13 September – Service of the Word at St Peter’s, Mancetter, on the Coventry Canal. Linda the vicar has been in post less than a year after an interregnum of two years. Ezekial and St John’s Gospel: New beginnings. As I walked back over a bridge over the railway and saw bunches of flowers marking a particular spot, I thought again of Neil.
10am, 20 September at the Abbey of St Editha in Polesworth, a bit further up the Coventry Canal. Small choir to sing the hymns and parts of the service. In response to the parable of the labourers in the vineyard, Fr Vincent pointed out that those found at 3pm and 5pm could have been those who through infirmity or leading chaotic lives were unable to work for longer. Cf those we see in foodbanks today. All are valued in the Kingdom.
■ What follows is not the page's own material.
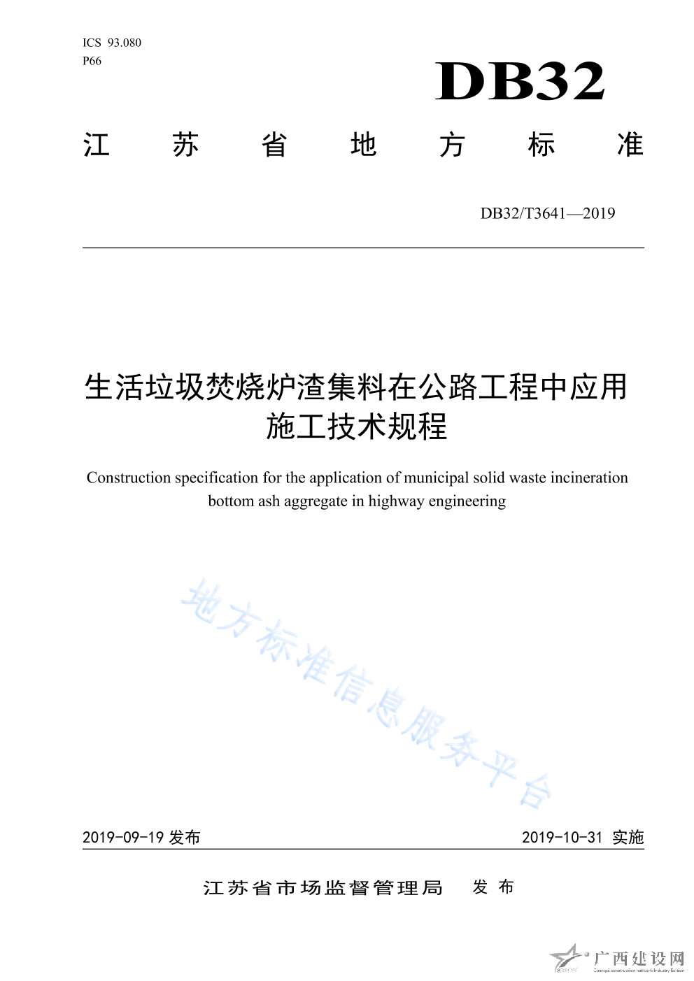 DB32 T3641-2019生活垃圾焚燒爐渣集料在公路中應(yīng)用施工技術(shù)規(guī)程

18 October – St Edward the Confessor, Leek, on the Caldon Canal. 700 years since its foundation in 1320. A site from which a double sunset may be observed: around the summer solstice the sun sets behind a nearby hill then reappears further down before setting again at the horizon. (Not seen today because trees have grown). Christianisation of an earlier pagan site? 10am Holy Communion with Bishop of Lichfield preaching. He took as his theme the emblem of the church, the Martlett. They are very small and delicate. They have great vision. They have no feet, so are always on a pilgrimage.
25 October – St Stephen’s Congleton, on the Macclesfield Canal. Vicar Ian Enticott new this week. A friendly service. Joan Proctor, in a newly knitted NHS rainbow sweater showed us how to sign to the chorus of the first hymn. Small socially distanced ladies choir sang the verse, Joan following the words on her hands. Ian had found a translation of 1 Thessalonians which had… ‘nor did we put on a mask to cover up greed’. We had a well organised sermon on Matthew 22 vv34-40, my notes say that it ‘finished when it should’! The Message is the Gospel, the Motive is for love and the Method is shared lives, so the person is the message.
1 November – The congregation of St James Buxworth, at the end of the Peak Forest Canal, were in a bit of a state because someone at the PCC meeting had then been told to isolate, so the whole PCC would also have to isolate. No vicar or churchwardens! Finally, Janet arrived to take the service. Revelation 7 and the Beatitudes from Matthew 5 for All Saints. She had a well prepared sermon: (Blessed are) those who are weak and feeble and have realised they can’t do it on their own. Meekness – being angry about the right things and not about the wrong things. Mourning is a privilege because you have loved and been loved.